When Russian troops overran the port city of Kherson in southern Ukraine early in Russia’s wider war with Ukraine beginning in late February, they seized some unusual prizes. Three inoperable Mil Mi-2 light helicopters that the Ukrainians had used for training and liaison missions.
The loss of three Mi-2s reduced by around a quarter the Ukrainian army’s inventory of the four-ton, three-blade helicopters.
It’s possible that, in the chaotic early months of the wider war, the Ukrainian army didn’t terribly miss its old Mi-2s—the tiny rotorcraft reportedly aren’t very popular. In any event, Ukraine’s foreign allies stepped up to replace the Mi-2s … with more Mi-2s.
That might actually matter now that the war shows no sign of ending anytime soon. Replacement Mi-2s should help to sustain the Ukrainian army’s pilot-training program as the service looks ahead to months, even years, of further fighting.
The Ukrainian army has four front-line aviation regiments—the 7th and 16th in the west, the 11th in the south and the 18th in the east. On paper, each has around a dozen Mil Mi-24 attack helicopters, 20 Mil Mi-8 or Mi-17 transports and three Mi-2s.

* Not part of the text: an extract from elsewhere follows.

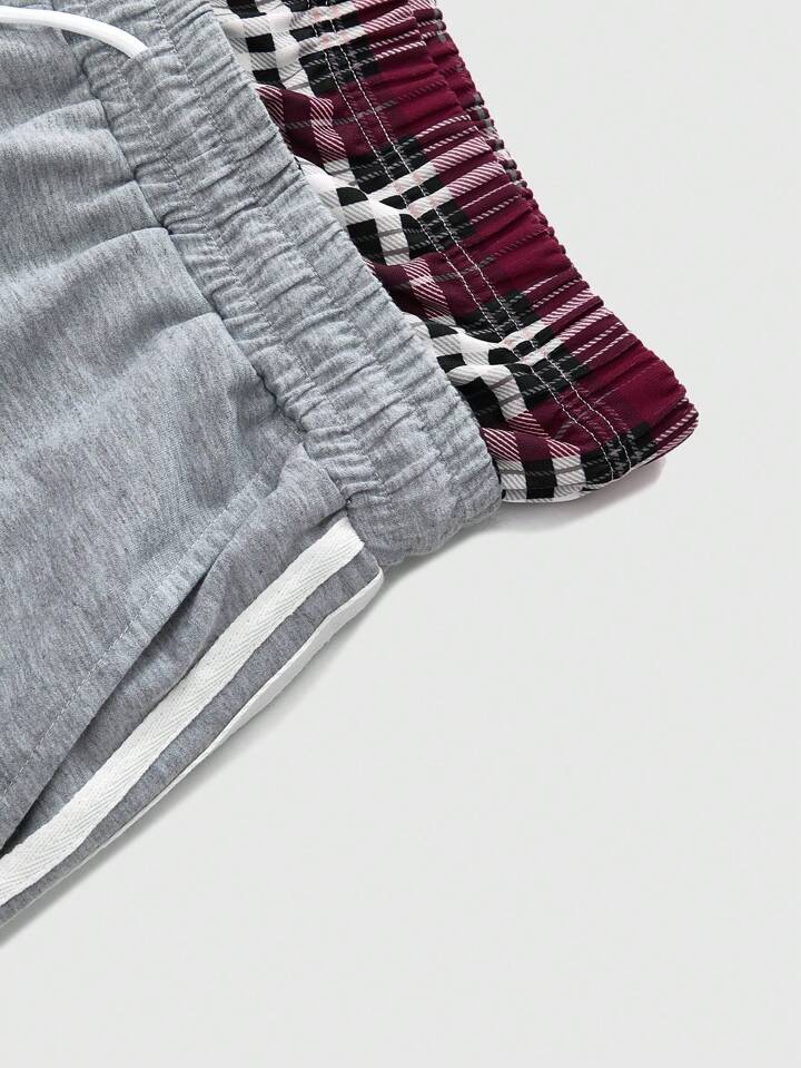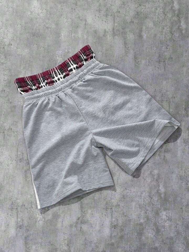 Street Life Men's Casual Sport Shorts,Gray Main Body With White Side Stripe, Red Black Plaid Waistband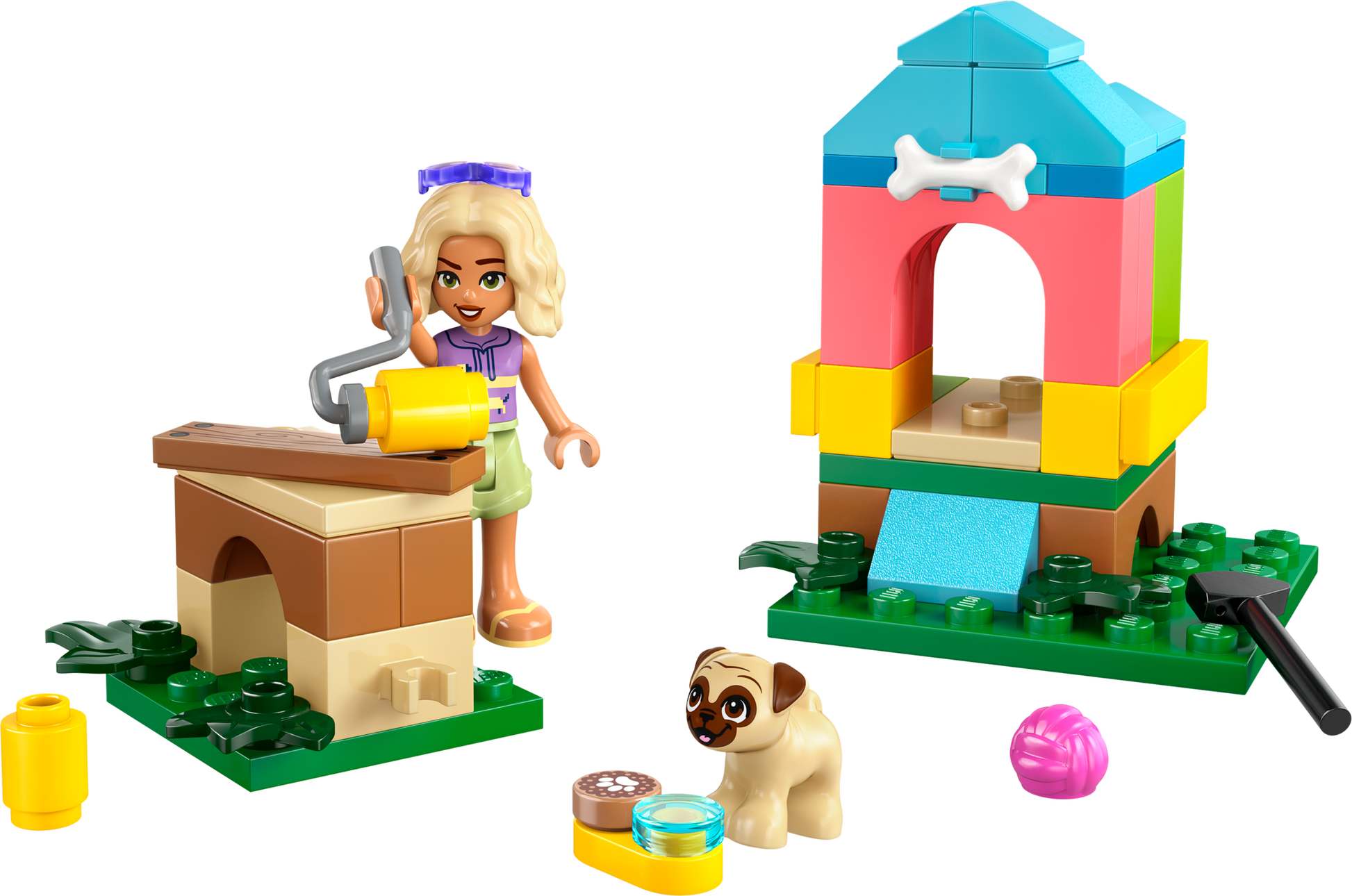 With this fun little build, kids aged 5 and up help Nova build a doghouse for Dango. The workbench comes with all the tools Nova needs to create the cozy house.

The 12-ton Mi-8s and Mi-17s are the workhorses. They haul troops and supplies, rescue wounded personnel and even perform a limited ground-attack role with their rockets and machine guns.
The 13-ton Mi-24s are more heavily-armed and armored—and faster—and thus better-suited for more dangerous missions closer to the front lines.
There’s no evidence the Ukrainians ever have operated their Mi-2s anywhere near the front—and for good reason. It’s the smallest, slowest and most vulnerable of the army’s helicopter types.
There was an effort a few years ago to transform the 1980s-vintage Mi-2s into miniature gunships. In 2015, Ukrainian firm Motor Sich proposed to upgrade the Mi-2s and arm them with pods for 80-millimeter rockets and pintles for crew-served machine guns on the cabin doors.
The army didn’t take up Motor Sich on its offer, perhaps recognizing that adding weapons to the lightweight Mi-2s would only make them slower and more vulnerable—and sending them into harm’s way would be nearly suicidal for their crews.
So the Mi-2s remained in the training and liaison roles, flying only in uncontested air space. They apparently were a low priority for repairs, which might explain why the three Mi-2s belonging to the 11th Aviation Regiment were still on the tarmac when the Russians overran the regiment’s base in Kherson in early March.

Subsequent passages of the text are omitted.